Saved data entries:
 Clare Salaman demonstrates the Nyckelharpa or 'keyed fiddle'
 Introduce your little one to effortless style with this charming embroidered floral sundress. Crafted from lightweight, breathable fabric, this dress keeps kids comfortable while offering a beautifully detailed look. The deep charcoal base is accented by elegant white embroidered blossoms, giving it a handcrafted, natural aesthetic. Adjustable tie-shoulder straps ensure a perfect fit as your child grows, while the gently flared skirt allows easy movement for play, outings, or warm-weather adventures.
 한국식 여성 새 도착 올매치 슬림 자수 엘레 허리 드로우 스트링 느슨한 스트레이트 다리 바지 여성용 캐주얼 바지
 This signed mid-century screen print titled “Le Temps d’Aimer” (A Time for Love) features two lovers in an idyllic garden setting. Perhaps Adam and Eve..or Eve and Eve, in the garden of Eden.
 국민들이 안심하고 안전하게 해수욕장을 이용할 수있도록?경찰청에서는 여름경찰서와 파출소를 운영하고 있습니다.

* * *

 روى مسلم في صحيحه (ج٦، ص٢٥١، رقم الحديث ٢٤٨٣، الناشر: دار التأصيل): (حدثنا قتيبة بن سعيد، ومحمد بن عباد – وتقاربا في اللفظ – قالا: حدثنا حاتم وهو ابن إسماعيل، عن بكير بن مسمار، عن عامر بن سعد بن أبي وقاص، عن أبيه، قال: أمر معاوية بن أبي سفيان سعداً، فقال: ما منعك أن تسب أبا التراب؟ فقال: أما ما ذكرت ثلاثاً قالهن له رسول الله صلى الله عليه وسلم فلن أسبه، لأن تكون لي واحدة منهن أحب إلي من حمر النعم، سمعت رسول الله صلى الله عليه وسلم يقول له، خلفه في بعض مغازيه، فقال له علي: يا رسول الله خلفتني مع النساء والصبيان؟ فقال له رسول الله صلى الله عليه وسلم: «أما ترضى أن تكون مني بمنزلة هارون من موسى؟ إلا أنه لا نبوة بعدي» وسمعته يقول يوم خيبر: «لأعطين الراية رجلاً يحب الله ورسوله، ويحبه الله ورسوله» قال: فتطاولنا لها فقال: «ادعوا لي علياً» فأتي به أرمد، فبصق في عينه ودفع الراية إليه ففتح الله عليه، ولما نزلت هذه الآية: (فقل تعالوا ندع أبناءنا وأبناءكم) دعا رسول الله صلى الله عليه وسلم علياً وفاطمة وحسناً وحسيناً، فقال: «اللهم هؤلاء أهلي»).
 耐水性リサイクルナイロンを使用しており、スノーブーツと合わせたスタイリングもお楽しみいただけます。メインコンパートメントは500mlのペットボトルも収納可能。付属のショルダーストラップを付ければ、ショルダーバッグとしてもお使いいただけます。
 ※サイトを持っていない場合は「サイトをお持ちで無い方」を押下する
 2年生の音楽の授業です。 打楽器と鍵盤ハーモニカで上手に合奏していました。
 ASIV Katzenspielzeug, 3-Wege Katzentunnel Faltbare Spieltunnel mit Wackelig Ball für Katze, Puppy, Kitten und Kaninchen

#### Directions:
Only the lines above from the line with "2年生の音楽の授業です。 打楽器と鍵盤ハーモニカで上手に合奏していました。" to the line with "ASIV Katzenspielzeug, 3-Wege", those two lines included, should be reproduced exactly.

#### Reply:
 2年生の音楽の授業です。 打楽器と鍵盤ハーモニカで上手に合奏していました。
 ASIV Katzenspielzeug, 3-Wege Katzentunnel Faltbare Spieltunnel mit Wackelig Ball für Katze, Puppy, Kitten und Kaninchen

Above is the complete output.